__THE TASK__. Retype the lines below exactly, but only those from the line that has "국내 화장품 산업이 세계" through the line that has "line 12, 18". Omit every picture.

__SOURCE RECORDS__.

#####

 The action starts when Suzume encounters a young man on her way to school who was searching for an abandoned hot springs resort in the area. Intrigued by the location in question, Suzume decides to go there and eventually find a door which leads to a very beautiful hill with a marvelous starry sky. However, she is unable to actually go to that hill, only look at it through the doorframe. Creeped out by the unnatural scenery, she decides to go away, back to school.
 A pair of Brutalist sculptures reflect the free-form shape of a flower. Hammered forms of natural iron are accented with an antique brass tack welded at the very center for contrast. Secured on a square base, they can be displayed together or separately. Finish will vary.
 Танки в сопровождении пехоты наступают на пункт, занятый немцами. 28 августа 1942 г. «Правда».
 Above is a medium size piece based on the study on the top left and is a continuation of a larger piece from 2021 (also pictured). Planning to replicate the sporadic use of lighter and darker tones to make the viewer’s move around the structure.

#####

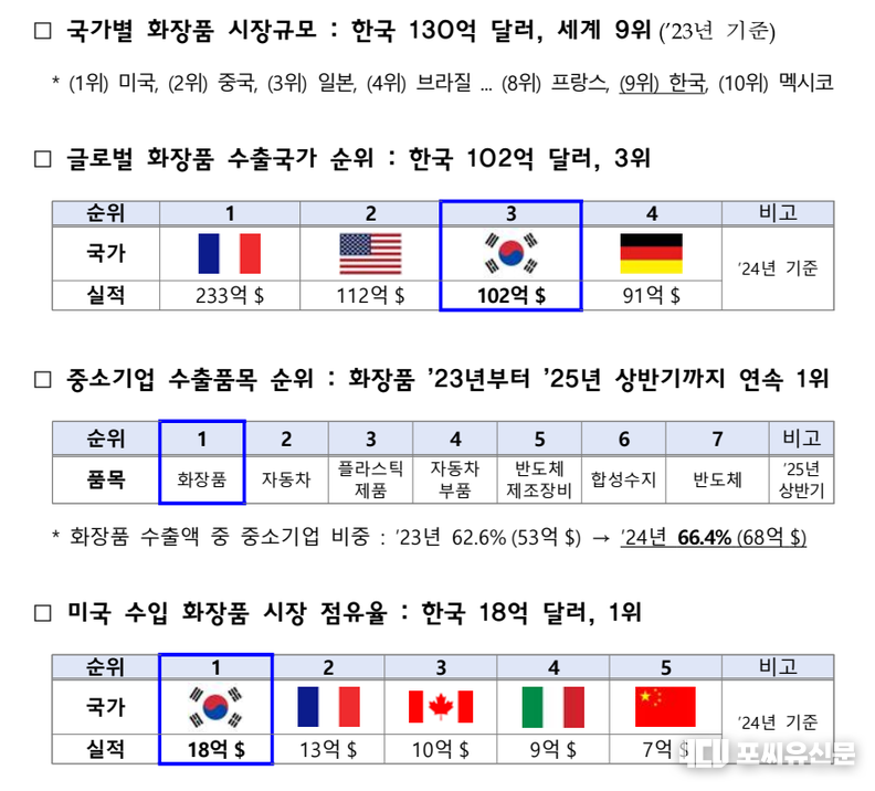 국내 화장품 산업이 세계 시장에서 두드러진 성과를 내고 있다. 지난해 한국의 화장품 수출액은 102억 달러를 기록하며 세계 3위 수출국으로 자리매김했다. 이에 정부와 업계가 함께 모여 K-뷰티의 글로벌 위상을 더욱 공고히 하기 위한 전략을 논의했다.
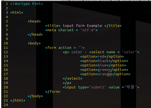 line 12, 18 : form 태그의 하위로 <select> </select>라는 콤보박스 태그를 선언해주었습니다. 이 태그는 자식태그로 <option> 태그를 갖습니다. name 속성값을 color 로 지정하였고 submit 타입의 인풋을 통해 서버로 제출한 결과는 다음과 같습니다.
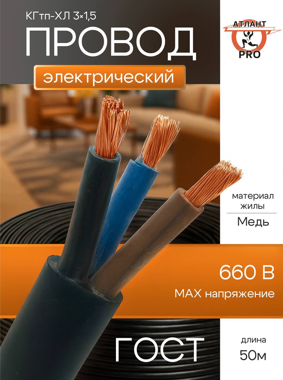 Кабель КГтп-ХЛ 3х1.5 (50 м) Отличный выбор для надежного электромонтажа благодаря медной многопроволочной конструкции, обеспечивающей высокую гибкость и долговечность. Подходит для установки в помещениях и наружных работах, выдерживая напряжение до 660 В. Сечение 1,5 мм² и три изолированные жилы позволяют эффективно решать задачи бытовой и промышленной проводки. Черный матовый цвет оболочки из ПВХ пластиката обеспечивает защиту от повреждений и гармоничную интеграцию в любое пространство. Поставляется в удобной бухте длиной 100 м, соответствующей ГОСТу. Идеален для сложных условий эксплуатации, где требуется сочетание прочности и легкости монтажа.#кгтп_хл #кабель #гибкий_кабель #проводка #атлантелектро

#####

__RESPONSE AREA__.
 국내 화장품 산업이 세계 시장에서 두드러진 성과를 내고 있다. 지난해 한국의 화장품 수출액은 102억 달러를 기록하며 세계 3위 수출국으로 자리매김했다. 이에 정부와 업계가 함께 모여 K-뷰티의 글로벌 위상을 더욱 공고히 하기 위한 전략을 논의했다.
 line 12, 18 : form 태그의 하위로 <select> </select>라는 콤보박스 태그를 선언해주었습니다. 이 태그는 자식태그로 <option> 태그를 갖습니다. name 속성값을 color 로 지정하였고 submit 타입의 인풋을 통해 서버로 제출한 결과는 다음과 같습니다.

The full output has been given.